═══ DATA SUPPLIED ═══
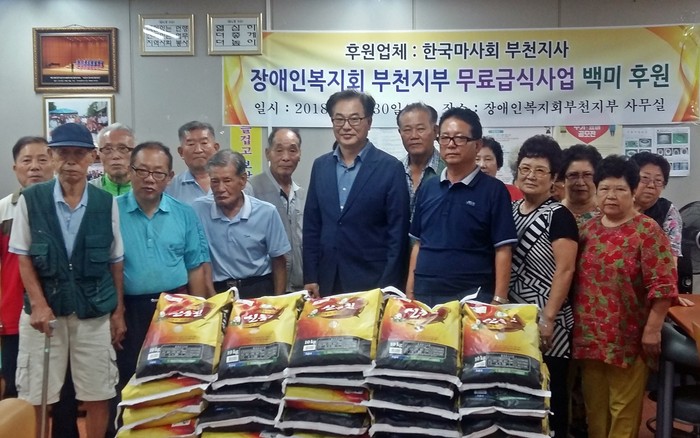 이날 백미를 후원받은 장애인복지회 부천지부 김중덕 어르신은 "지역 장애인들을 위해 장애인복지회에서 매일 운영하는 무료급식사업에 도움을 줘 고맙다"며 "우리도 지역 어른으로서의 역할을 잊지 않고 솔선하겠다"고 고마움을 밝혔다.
═══
═══ DATA SUPPLIED ═══
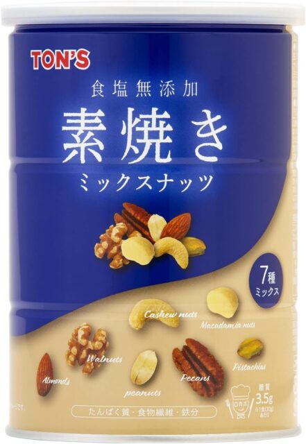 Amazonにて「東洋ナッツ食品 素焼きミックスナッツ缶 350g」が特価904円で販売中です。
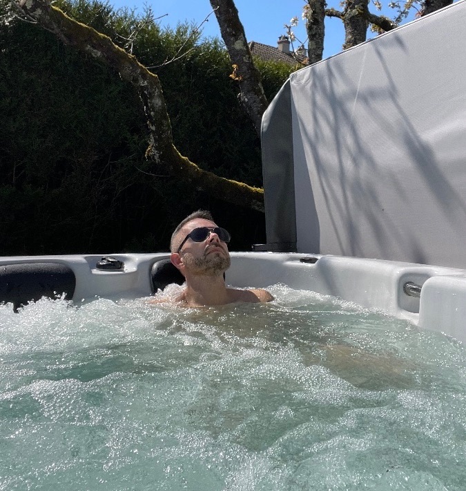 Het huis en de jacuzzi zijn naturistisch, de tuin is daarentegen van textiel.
═══
═══ DATA SUPPLIED ═══
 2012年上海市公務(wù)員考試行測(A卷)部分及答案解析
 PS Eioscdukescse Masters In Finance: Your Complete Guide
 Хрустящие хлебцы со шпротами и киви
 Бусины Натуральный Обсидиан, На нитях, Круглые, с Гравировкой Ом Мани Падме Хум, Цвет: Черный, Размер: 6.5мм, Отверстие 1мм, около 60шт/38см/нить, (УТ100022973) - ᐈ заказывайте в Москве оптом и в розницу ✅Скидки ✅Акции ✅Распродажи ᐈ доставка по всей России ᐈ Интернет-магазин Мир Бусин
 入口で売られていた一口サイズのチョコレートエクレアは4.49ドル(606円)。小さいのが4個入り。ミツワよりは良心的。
═══
INSTRUCTIONS TO FOLLOW »
From the records above, transcribe without alteration every line from the one with "Бусины Натуральный Обсидиан, На" to the one with "入口で売られていた一口サイズ", inclusive.

YOUR SOLUTION »
 Бусины Натуральный Обсидиан, На нитях, Круглые, с Гравировкой Ом Мани Падме Хум, Цвет: Черный, Размер: 6.5мм, Отверстие 1мм, около 60шт/38см/нить, (УТ100022973) - ᐈ заказывайте в Москве оптом и в розницу ✅Скидки ✅Акции ✅Распродажи ᐈ доставка по всей России ᐈ Интернет-магазин Мир Бусин
 入口で売られていた一口サイズのチョコレートエクレアは4.49ドル(606円)。小さいのが4個入り。ミツワよりは良心的。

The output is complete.